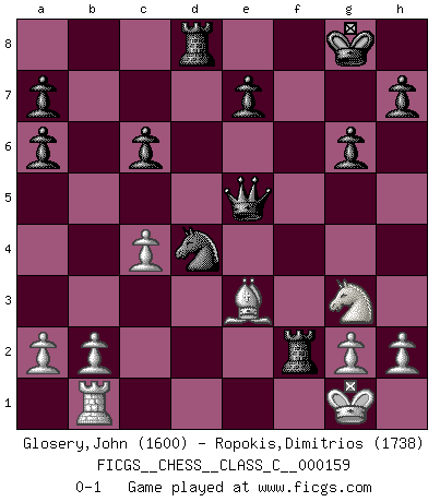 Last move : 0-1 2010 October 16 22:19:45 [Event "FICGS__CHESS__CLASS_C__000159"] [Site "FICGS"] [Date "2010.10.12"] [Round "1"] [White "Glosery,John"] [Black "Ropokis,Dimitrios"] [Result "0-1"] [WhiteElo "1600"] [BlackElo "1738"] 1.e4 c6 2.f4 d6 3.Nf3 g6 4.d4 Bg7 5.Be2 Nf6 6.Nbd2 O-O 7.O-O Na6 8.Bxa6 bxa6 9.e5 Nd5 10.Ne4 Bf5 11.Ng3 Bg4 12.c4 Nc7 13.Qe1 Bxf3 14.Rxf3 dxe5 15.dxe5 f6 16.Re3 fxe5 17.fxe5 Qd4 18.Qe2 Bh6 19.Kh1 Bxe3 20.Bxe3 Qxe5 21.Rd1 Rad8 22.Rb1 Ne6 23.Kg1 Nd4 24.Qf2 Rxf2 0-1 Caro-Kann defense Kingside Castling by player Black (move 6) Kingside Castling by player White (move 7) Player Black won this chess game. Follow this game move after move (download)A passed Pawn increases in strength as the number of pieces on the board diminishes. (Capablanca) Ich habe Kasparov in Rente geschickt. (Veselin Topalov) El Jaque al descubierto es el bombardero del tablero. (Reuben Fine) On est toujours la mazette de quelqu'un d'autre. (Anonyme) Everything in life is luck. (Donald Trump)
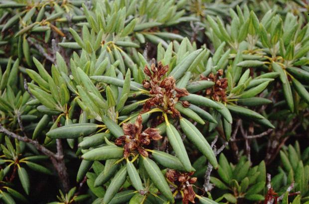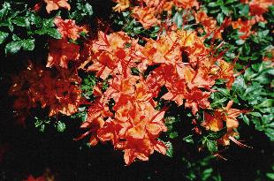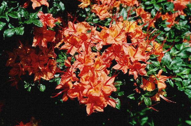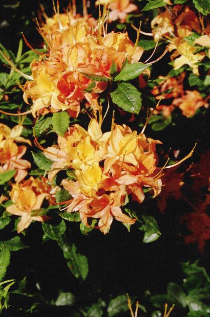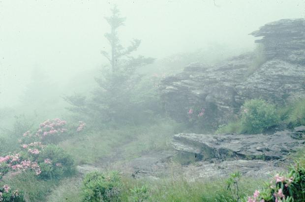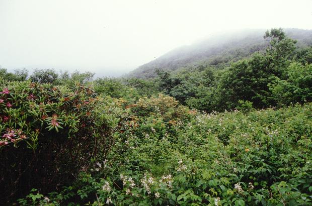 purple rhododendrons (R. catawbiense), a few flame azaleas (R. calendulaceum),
==
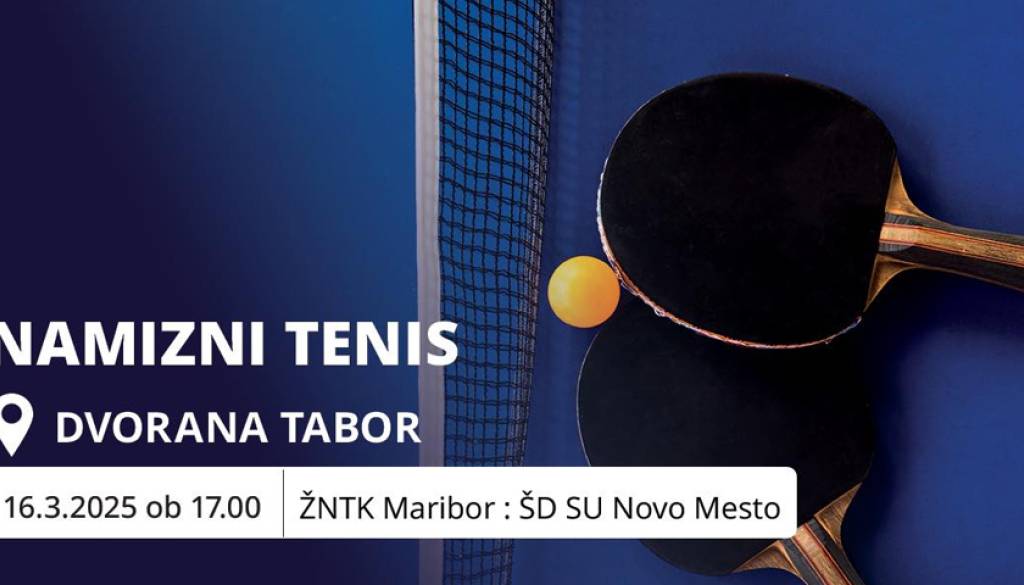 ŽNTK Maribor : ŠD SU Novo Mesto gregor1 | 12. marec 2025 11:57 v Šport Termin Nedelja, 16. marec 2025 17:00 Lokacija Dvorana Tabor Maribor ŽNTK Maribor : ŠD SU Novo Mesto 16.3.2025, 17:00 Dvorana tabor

=== TO DO ===
In the material above, one part opens with the line containing "Last move : 0-1" and closes with the line containing "purple rhododendrons (R.". Write out that part exactly and skip its pictures.

=== ANSWER AREA ===
 Last move : 0-1 2010 October 16 22:19:45 [Event "FICGS__CHESS__CLASS_C__000159"] [Site "FICGS"] [Date "2010.10.12"] [Round "1"] [White "Glosery,John"] [Black "Ropokis,Dimitrios"] [Result "0-1"] [WhiteElo "1600"] [BlackElo "1738"] 1.e4 c6 2.f4 d6 3.Nf3 g6 4.d4 Bg7 5.Be2 Nf6 6.Nbd2 O-O 7.O-O Na6 8.Bxa6 bxa6 9.e5 Nd5 10.Ne4 Bf5 11.Ng3 Bg4 12.c4 Nc7 13.Qe1 Bxf3 14.Rxf3 dxe5 15.dxe5 f6 16.Re3 fxe5 17.fxe5 Qd4 18.Qe2 Bh6 19.Kh1 Bxe3 20.Bxe3 Qxe5 21.Rd1 Rad8 22.Rb1 Ne6 23.Kg1 Nd4 24.Qf2 Rxf2 0-1 Caro-Kann defense Kingside Castling by player Black (move 6) Kingside Castling by player White (move 7) Player Black won this chess game. Follow this game move after move (download)A passed Pawn increases in strength as the number of pieces on the board diminishes. (Capablanca) Ich habe Kasparov in Rente geschickt. (Veselin Topalov) El Jaque al descubierto es el bombardero del tablero. (Reuben Fine) On est toujours la mazette de quelqu'un d'autre. (Anonyme) Everything in life is luck. (Donald Trump)
 purple rhododendrons (R. catawbiense), a few flame azaleas (R. calendulaceum),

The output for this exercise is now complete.